🤖 AI Summary
Current vision-language-action (VLA) models perform well on standard benchmarks yet commonly ignore language instructions and lack systematic evaluation of their language comprehension capabilities. This work proposes LangGap, a novel benchmark that introduces the first diagnostic framework based on four-dimensional semantic perturbations to generate diverse, semantically sensitive manipulation instructions within fixed environments, thereby compelling models to rely on genuine language understanding to complete tasks. Through targeted data augmentation and tailored training strategies, task success rates improve dramatically—from 0% to 90% in single-task settings and from 0% to 28% in multi-task scenarios. Experimental results reveal a sharp performance degradation in existing VLA models as semantic diversity increases, exposing fundamental deficiencies in their language understanding.
📝 Abstract
Vision-Language-Action (VLA) models achieve over 95% success on standard benchmarks. However, through systematic experiments, we find that current state-of-the-art VLA models largely ignore language instructions. Prior work lacks: (1) systematic semantic perturbation diagnostics, (2) a benchmark that forces language understanding by design, and (3) linguistically diverse training data.
This paper constructs the LangGap benchmark, based on a four-dimensional semantic perturbation method -- varying instruction semantics while keeping the tabletop layout fixed -- revealing language understanding deficits in π0.5. Existing benchmarks like LIBERO assign only one task per layout, underutilizing available objects and target locations; LangGap fully diversifies pick-and-place tasks under identical layouts, forcing models to truly understand language.

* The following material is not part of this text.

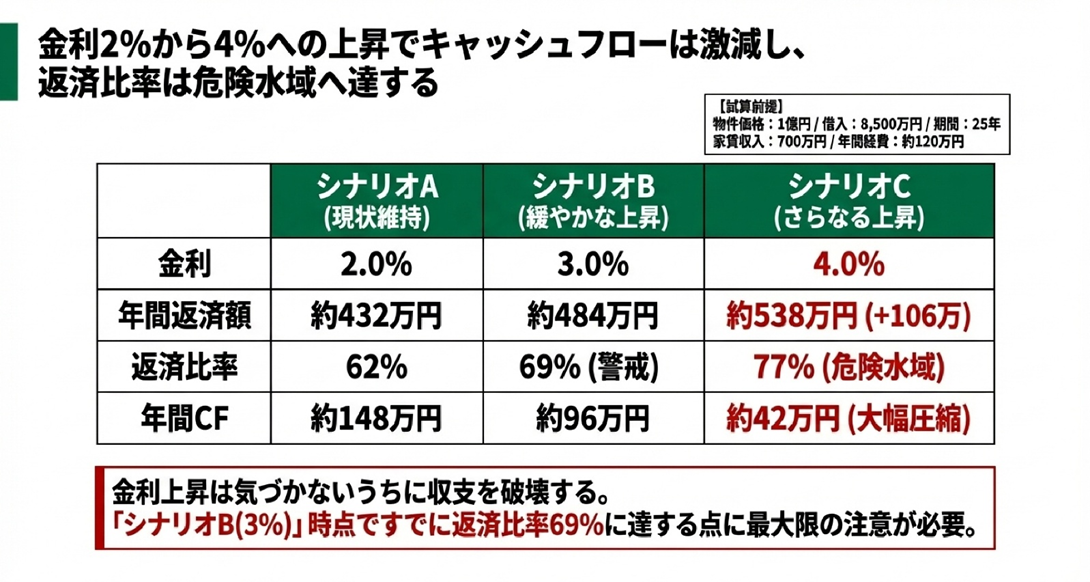 この試算からわかるのは、金利が2%から4%へ上昇するだけで年間返済額は約106万円増加し、キャッシュフローは約148万円から約42万円へと大幅に圧縮されるということです。

Experiments show that targeted data augmentation can partially close the language gap -- success rate improves from 0% to 90% with single-task training, and 0% to 28% with multi-task training. However, as semantic diversity of extended tasks increases, model learning capacity proves severely insufficient; even trained tasks perform poorly. This reveals a fundamental challenge for VLA models in understanding diverse language instructions -- precisely the long-term value of LangGap.